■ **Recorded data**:
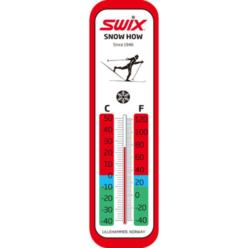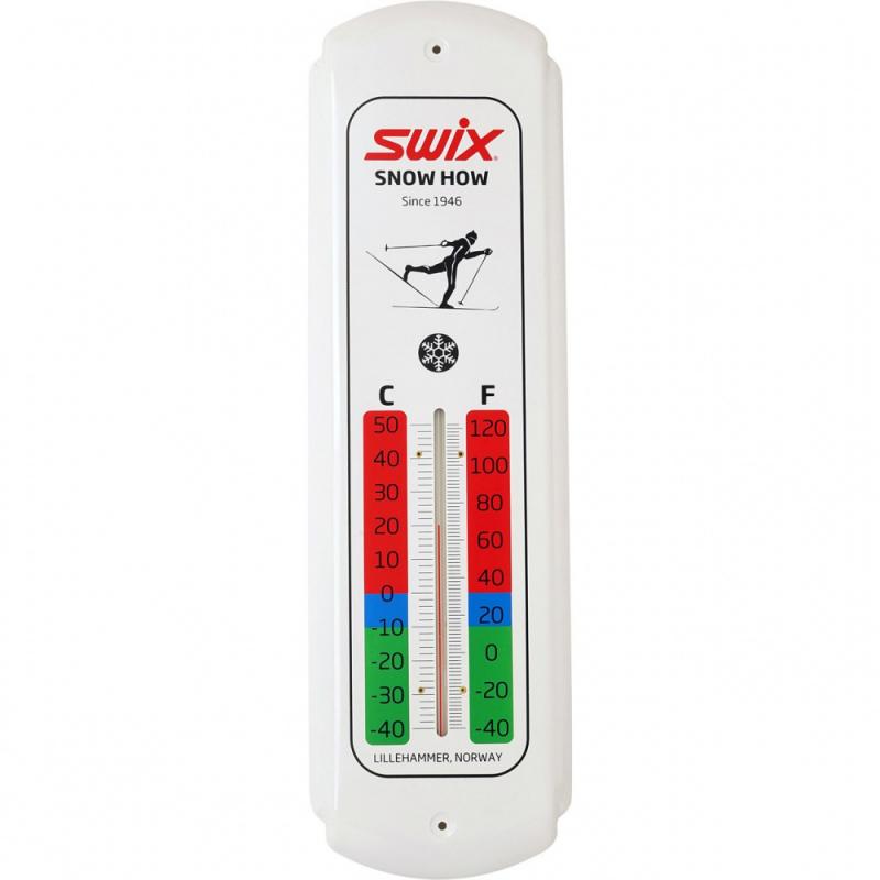 Rektangulært veggtermometer for innendørs eller utendørs bruk. -40°C/+50°C. Fargekodet iht. til SWIX skivoks. 43,5 cm x 12,8 cm / 17,1 tommer x 5 tommer.
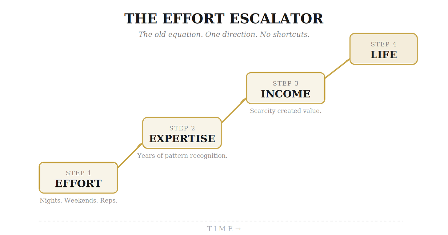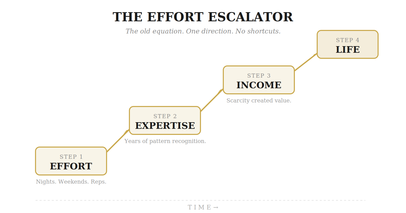 Hard work → Expertise → Income → Life becomes Hard work → ??? → Income → Life.
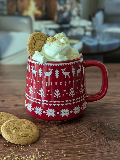 Top with homemade whipped cream and gingerbread cookie crumbs.
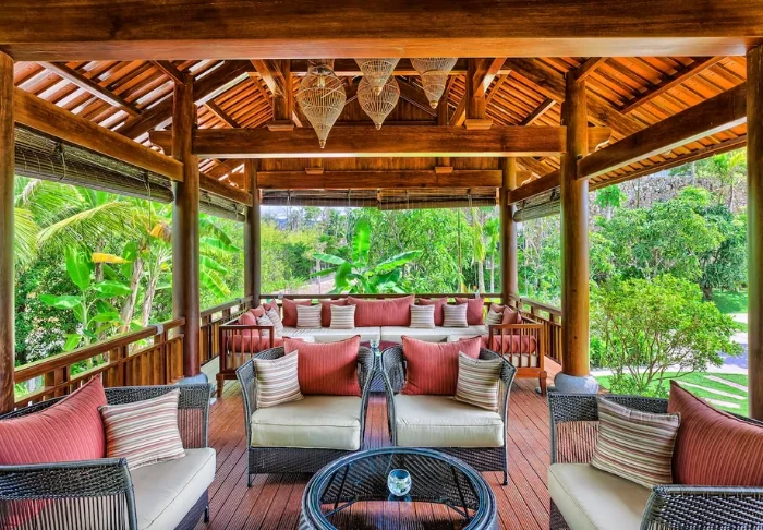 Täällä voit rentoutua trooppisissa bambumökeissä ja nauttia upeista näkymistä riisiterasseille, kauniiseen puutarhaan ja mahtaville vuorille. Samasta näköalasta voit nauttia myös syödessäsi aamiaiasta omalla parvekkeella tai keskuksen ulkoilmaravintolassa.
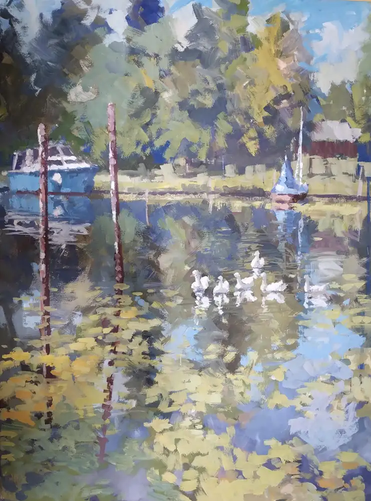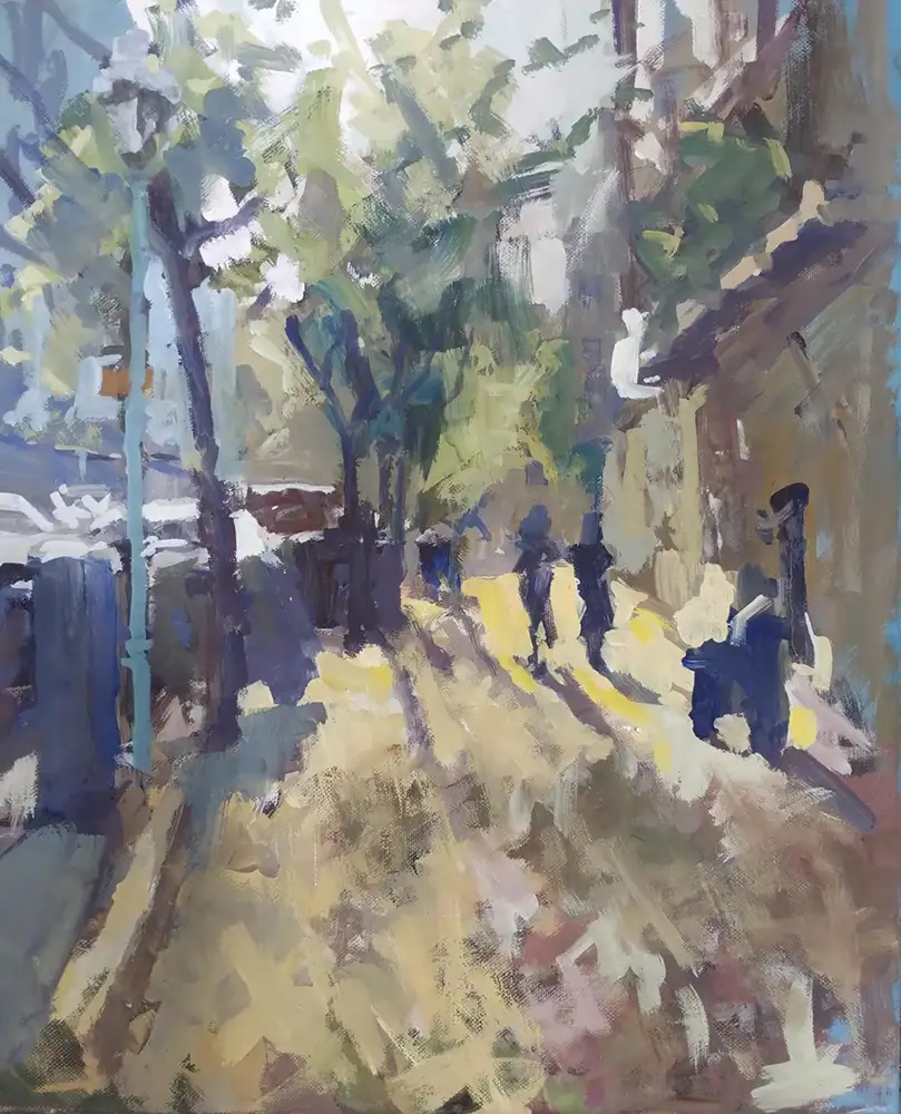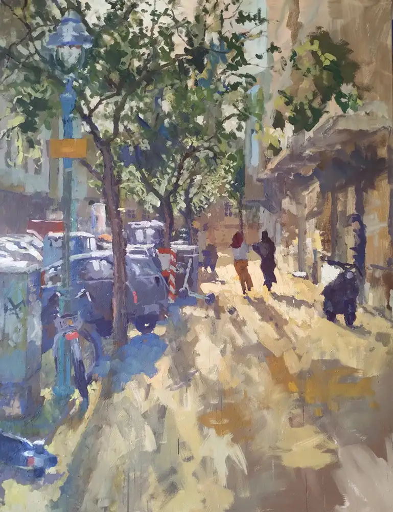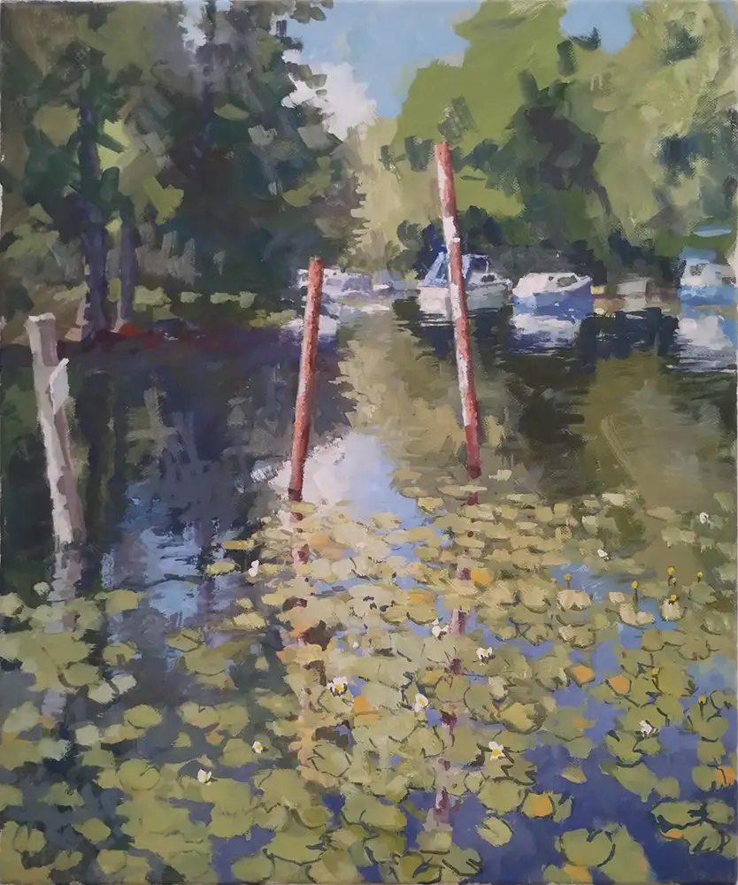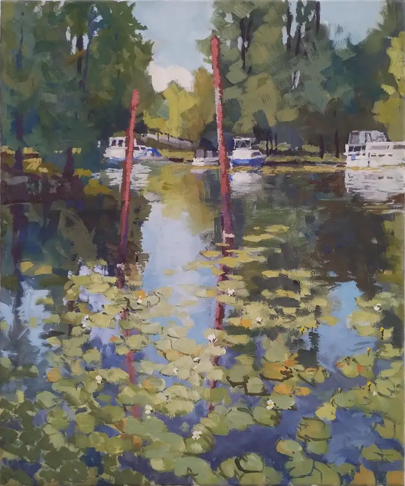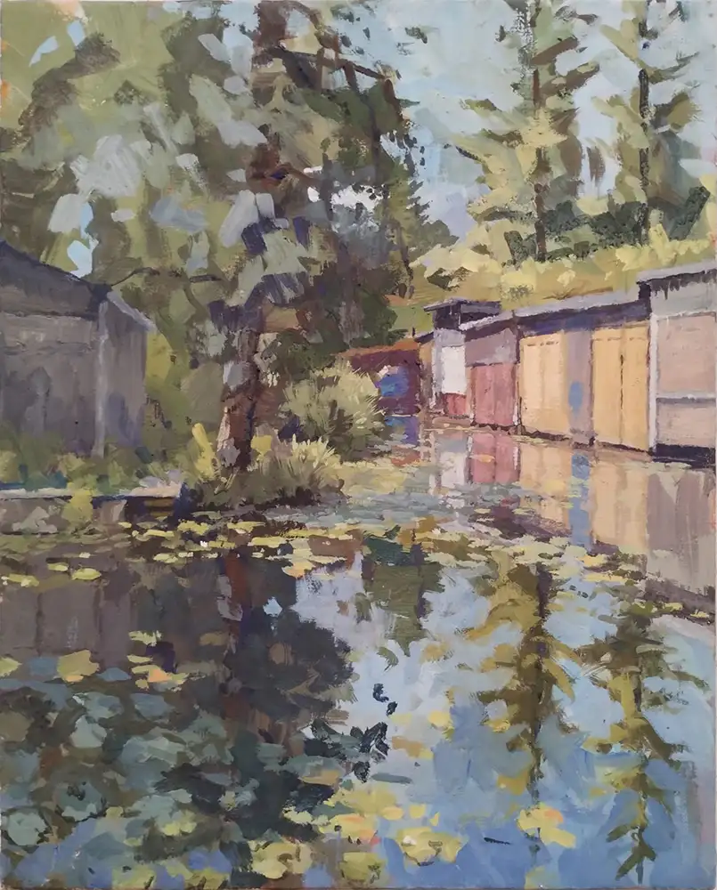 Frank Suplies stimmungsvolle Stadt- und Landschaftszenen werden kontrastiert und in Beziehung gesetzt mit Clemens Heinls ausdrucks­starken Holzplastiken.
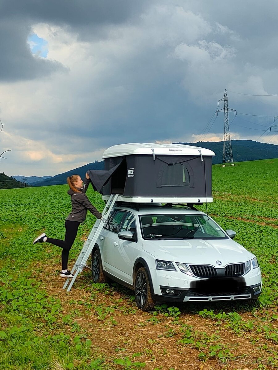 Nabízím k pronájmu autostan, který sedí na jakékoliv auto se střešními nosiči. Můžete tak pohodlně cestovat s ubytováním na střeše svého auta.
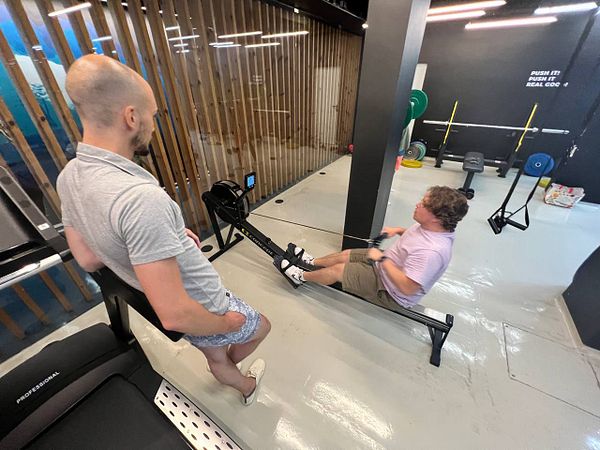 do 4x 4x 45kg overhead press PR + 4x 4x 50kg barbell rows PR
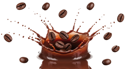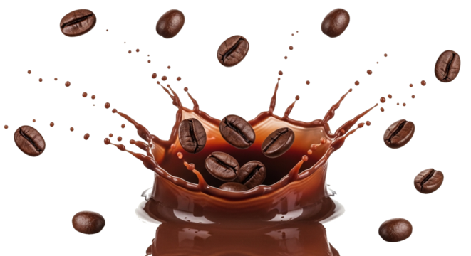Dynamic coffee splash with roasted beans for captivating marketing campaigns on transparent background

■ **Exercise aim**: Pictures in the entries do not go into the copy. Print only the lines starting at the one containing "Nabízím k pronájmu" and ending at the one containing "do 4x 4x 45kg", exactly as they appear.

■ **Result of the exercise**:
 Nabízím k pronájmu autostan, který sedí na jakékoliv auto se střešními nosiči. Můžete tak pohodlně cestovat s ubytováním na střeše svého auta.
 do 4x 4x 45kg overhead press PR + 4x 4x 50kg barbell rows PR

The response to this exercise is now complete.